1. If you're going to be an entrepreneur, have a stomach for risk. "Being an entrepreneur is not for the faint of heart. It is a high-risk, high-reward proposition.
While we would typically encourage young people to start saving for the future as early as possible, it's unlikely that a budding entrepreneur will be able to do so," he said by email. "The entrepreneur will need every bit of capital available for the business, which will likely crowd out personal savings. This may not be prudent in the traditional sense, but it is necessary. The entrepreneur's business can be thought of as a highly risky, concentrated stock position. If it doesn't work out, you can be wiped out. But if it does work, the rewards can be "beyond the dreams of avarice."
2. "Work hard as hell. It doesn't hurt."
Be sure to work longer, harder and smarter. "That was the secret for Alexander Hamilton," he said. "That was the secret for me." He never mastered the idea of work/life balance, he acknowledged, remembering the first words he uttered when waking up from his heart transplant in 1996: "Can you get me a pencil and a pad?"

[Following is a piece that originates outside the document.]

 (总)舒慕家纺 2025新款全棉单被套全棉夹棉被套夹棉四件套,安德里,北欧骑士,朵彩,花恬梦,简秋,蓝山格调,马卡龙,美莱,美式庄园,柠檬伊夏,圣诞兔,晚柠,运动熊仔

3. Find a company that is the right company, even if it is the wrong job for you.
"Once you get in the door, it will be a much wider opportunity," he said. While his career followed a mostly straight line from the founding of Vanguard in 1975 after he was fired from Wellington Funds, careers now, don't. "The world of technology has totally altered career paths," he said, by making it easier for people to start companies and for companies to replace workers.
4. When it comes to investing, get yourself on a routine.

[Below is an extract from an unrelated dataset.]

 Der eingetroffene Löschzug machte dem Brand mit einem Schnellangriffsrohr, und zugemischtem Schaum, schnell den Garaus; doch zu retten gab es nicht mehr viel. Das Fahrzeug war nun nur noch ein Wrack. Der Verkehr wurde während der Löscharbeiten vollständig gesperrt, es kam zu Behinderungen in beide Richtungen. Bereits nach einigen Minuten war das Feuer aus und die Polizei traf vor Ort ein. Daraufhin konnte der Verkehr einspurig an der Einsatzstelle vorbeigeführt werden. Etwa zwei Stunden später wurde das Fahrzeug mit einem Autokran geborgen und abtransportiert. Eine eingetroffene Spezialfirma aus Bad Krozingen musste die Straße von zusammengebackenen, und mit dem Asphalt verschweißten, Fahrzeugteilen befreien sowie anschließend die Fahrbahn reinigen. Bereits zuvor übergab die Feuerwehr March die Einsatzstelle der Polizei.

The popularizer of index investing, Bogle suggested young people stick to low-fee index funds. Bogle suggested setting yourself up in a fund that is 75 percent invested in stocks — "get the stock market's return" — he said. After you're making regular contributions: "Never do anything. Don't open your damn statements. Don't peek. … These are the relentless rules of humble arithmetic." Someone contributing $500 a month for 45 years, earning 5 percent a year — roughly what Bogle suggested, though he didn't suggest an amount — would have nearly $1 million at the end.

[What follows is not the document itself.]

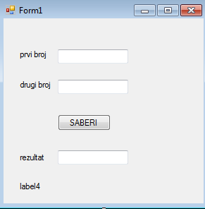 Када наша форма има изглед као на слици 5.14 идемо двоструки клик на дугме SABERI и када нам се отвори нови прозор у телу функције button1_Click куцамо код који треба да се извршава када кликнемо на то дугме.
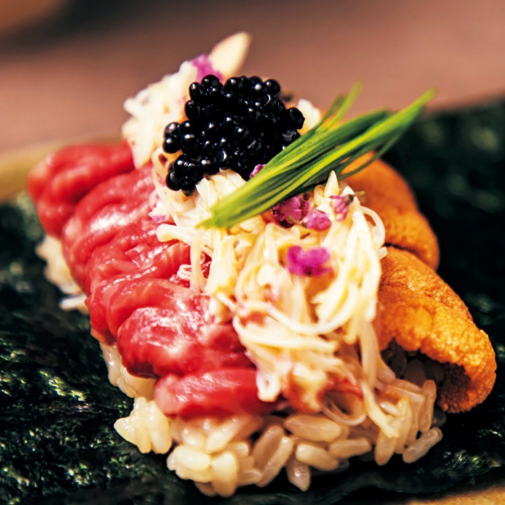 霜降り肉のすき焼きのほか、生うにと赤身の手巻き、トリュフユッケなど

5. Don't hire a financial advisor.
"Unless you need a financial advisor to help you get started in that routine, you probably don't need a financial advisor at all," he said, giving a nod of approval to, instead of a human advisor, hiring a low-cost robo-advisor to help you automate your investing. (Vanguard now offers such a service). "It's a personal choice. If you think you need a helping hand, then you do."
6. Stay in the game.
Citing George Bernard Shaw's life-force philosophy, Bogle told young people that he always had a determination to "get back into life to be part of life." Indeed, one of his surgeons said that he was placed on the transplant list at the relatively old age of 65 not because of who he was but more because of his will to live. "I recall a man … whose spirit was consistent with his approach to his career and life," said Dr. Louis Samuels. "He was fully invested."